Ama en önemlisi ABD’den dünya basınına yansıyan görüntülerdir. Gerekli tıbbi araçlar olmadığı için çöp poşetlerini giyerek salgından korunmaya çalışan hastane çalışanları, yakınları cenaze masraflarını ödemediği için belediye tarafından açılan toplu mezarlara gömülenler, dünyanın “en büyük ekonomisi” ve refah ülkesi olarak geçinen ABD’de bütün yurttaşları kapsayan genel sağlık sisteminin olmadığı ve ancak parası olanın tedavi olabildiği gerçeği, huzurevlerindeki yaşlıları kaderleri ile baş başa bırakıldığını gösteren örnekler vb. vb.

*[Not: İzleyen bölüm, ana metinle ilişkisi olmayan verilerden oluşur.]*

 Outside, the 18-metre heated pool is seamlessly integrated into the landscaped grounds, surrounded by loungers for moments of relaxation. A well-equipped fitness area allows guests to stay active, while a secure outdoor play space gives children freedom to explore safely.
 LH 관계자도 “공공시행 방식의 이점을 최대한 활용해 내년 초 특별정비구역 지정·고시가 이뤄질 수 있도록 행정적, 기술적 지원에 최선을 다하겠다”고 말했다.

Bütün dünya ekonomisinin, 2008’deki resesyondan daha büyük bir gerileme içine gireceği ortak görüş durumunda. Daha şimdiden salgının en büyük merkezi olan ABD, bu gerilemeden en büyük payı alacak… Üçüncü çeyreğe ilişkin daralma tahminleri yüzde 25 civarında. Toplam olarak ise yüzde 10 civarında bir daralma bekleniyor.

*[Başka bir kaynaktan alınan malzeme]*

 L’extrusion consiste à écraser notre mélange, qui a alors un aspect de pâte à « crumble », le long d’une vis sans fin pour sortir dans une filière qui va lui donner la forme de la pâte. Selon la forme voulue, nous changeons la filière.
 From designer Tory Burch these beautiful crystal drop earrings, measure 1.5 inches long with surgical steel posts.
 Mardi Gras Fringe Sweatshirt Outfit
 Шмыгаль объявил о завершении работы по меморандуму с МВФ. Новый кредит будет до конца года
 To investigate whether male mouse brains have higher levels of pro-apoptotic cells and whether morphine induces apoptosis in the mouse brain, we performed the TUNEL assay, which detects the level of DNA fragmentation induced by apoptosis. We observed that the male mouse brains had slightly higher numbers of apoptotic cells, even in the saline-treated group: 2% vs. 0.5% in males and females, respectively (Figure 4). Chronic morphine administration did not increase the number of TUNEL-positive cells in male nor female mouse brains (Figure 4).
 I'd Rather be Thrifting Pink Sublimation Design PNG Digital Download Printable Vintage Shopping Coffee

ABD, 2008 krizinden “dünyanın en büyük ekonomisi” ünvanını kaybederek çıktı ve aslında aradan 10 yıldan fazla zaman geçmesine rağmen ne kadar çıktığı da tartışmalı. Bu sefer ise “Atlantik Dünyası”nın da liderliğini kaybedecek gibi görünüyor.
Bütün bu zavallılıkların üstüne, Trump yönetiminin, salgının en çok vurduğu İran’a ve ayrıca Küba, Venezuela gibi ülkelere uyguladığı ambargoyu gevşetme yönündeki çağrılara kulaklarını tıkaması ise emperyalizmin dünya milletlerine düşman yüzünü gözler önüne serdi.
Sınırların içine çekilmek
Coronavirüs salgınının en büyük kaybedeninin ABD olduğu belli olmuştur. “ABD yüzyılı” kesin olarak geride kalmıştır.
Ekonomik büyüklük olarak Çin tarafından geçilme, Büyük Ortadoğu Projesi’nin çuvallaması, Suriye’deki utanç verici yenilgi, Astana süreci ile birlikte “Ortadoğu denklemi”nin fiilen dışına itilme, DSÖ ile başlayan uluslararası kurumların dışına itilme ve nihayet Koronavirüsle birlikte yaşanacak olan ekonomik kayıplardan daha da önemli olarak bütün dünya nezdinde yaşanan büyük itibar kaybı vb. vb.
Bütün bunlar “ABD yüzyılı”nın artık geride kaldığının resmidir. Gelişmeler doların rezerv para olmaktan çıkması yönündedir. ABD’yi “senyoraj gelirleri”nden mahrum edecek böyle bir gelişme ise Donald Trump’ın seçim kampanyasında söylediği ama arkasını getirmediği “kendi sınırlarına çekilmek” diye özetleyebileceğimiz programın hayata geçirilmesi anlamına gelecektir.
Ve büyük ihtimalle bu programı uygulayan da Donald Trump olmayacak!